Through good crop management practices that include regular soil testing, crop rotation and a well-managed manure program, the Dolloffs are able to raise most of their own feed for their herd, supplementing with purchased grain.
"They work closely with Tom Beaudry to assure that they are making the best use of on-farm nutrients," says Isham, who nominated the farm for this award. "They routinely pull soil samples to be tested and also test the nutrient levels in the manure pit so they can apply the correct amounts of manure on the fields that need it." Beaudry, an agricultural consultant from Walpole, N.H., developed a comprehensive nutrient management plan for the farm.
In addition to their 45 tillable acres, they rent additional cropland for a total of 280 tillable acres. They grow corn on 80 acres, averaging 20 tons of silage per acre, and 150 acres of hay, averaging three to five tons of haylage per acre, enough haylage to feed all their animals. They harvest 25 acres of dry hay annually, producing an ample supply of second-cut square bales for the cows.
"Even with the rented land, we only have enough acreage to support 130 head," Heidi Dolloff points out, "so we need to buy in feed every year."
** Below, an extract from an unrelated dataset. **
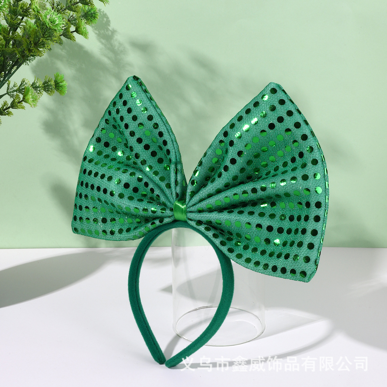 クロスボーダーの祝日のアクセサリーアイルランドの緑のスパンコールの大きい蝶結びのカチューシャの聖パトリックの日の髪飾りアイルランド
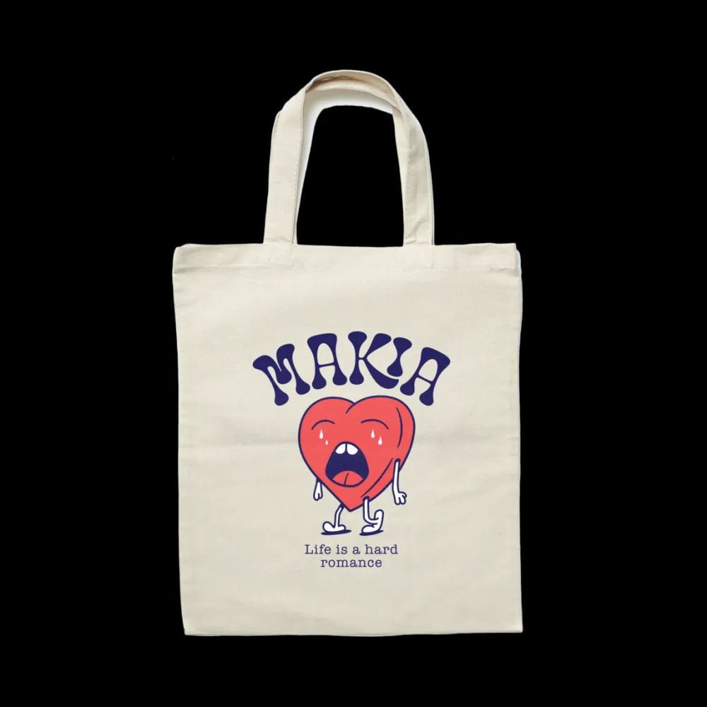 Klassinen kangaskassi, jossa on suuri Heartache-painatus. Valmistettu kokonaan kierrätysmateriaaleista:

"We try to put up the best quality feed possible but sometimes fight Mother Nature. It's a challenge," Mike Dolloff adds.
They work with Dairy Nutrition Specialist Diane Norris from Poulin Grain in Newport to balance the feed ration for high milk production and proper body condition, ensuring that the animals are receiving optimal nutrition. Cows are fed a total mixed ration with a 70 percent forages to concentrate ratio.
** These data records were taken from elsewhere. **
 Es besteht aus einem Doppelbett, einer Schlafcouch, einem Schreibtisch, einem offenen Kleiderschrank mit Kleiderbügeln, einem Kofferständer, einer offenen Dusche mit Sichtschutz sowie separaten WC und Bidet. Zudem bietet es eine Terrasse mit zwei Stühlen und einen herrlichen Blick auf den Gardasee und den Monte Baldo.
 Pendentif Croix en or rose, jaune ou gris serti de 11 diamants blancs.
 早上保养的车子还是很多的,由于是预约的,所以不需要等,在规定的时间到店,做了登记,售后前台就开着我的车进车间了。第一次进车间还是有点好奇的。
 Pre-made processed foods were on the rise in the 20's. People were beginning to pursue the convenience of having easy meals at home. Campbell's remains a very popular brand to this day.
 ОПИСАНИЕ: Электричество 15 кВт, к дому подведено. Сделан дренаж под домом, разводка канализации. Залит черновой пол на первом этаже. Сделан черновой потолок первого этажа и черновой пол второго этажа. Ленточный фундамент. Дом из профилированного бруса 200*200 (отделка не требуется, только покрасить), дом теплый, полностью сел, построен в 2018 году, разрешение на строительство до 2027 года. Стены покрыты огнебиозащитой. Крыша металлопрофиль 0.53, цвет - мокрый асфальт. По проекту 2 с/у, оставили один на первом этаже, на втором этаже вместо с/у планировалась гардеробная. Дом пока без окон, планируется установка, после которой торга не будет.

"Focusing on forage quality is the key to maximizing forage input, and it really helps keep the grain bill down," Kitsos explains. "Being able to use a high-forage diet when concentrate prices are at all time highs can be an economic savior in the face of fluctuating milk prices."
In addition to consulting with Norris and Beaudry, they rely on Dennis Kauppila, a UVM Extension farm business management specialist, and Jean Conklin, senior loan officer with Yankee Farm Credit in White River Junction, Vt., for help with their business plan and yearly finances.
"We base our financial decisions on the lowest milk price," Heidi Dolloff points out. "If you base it on the average price, you can still get yourself into trouble, like 2009 when it was easy to get behind as milk prices were low."
Despite the rollercoaster ride that dairying can be, the dairy farmers remain optimistic about their farm's future and farming overall.
As recipients of the Vermont Dairy Farm of the Year award, they will serve as dairy industry ambassadors, a role they already play through their many volunteer commitments.
Both have actively promoted dairying at the Windsor County Fair and Heidi has taken on several leadership positions in organizations including serving as a DFA delegate and a director and secretary for the New England Dairy Promotion Board. She currently serves as president of the Windsor County Farm Bureau and was named county Farm Bureau Woman of the Year in 2008.
In addition, the farmers have invited school groups to visit the farm. Heidi plans to start a 4-H dairy club in the coming year to give area kids a chance to raise and show their own dairy animals.
"To be successful, you need to have that love for the cows," Mike Dolloff concludes. "The cows come first. If you don't do a good job with them, the crops and all the rest don't matter.
"It's a hard life. Dairying needs to be in your blood. You need to love it."
And it's obvious from the pride that they take in every aspect of their operation that these Vermont farmers do.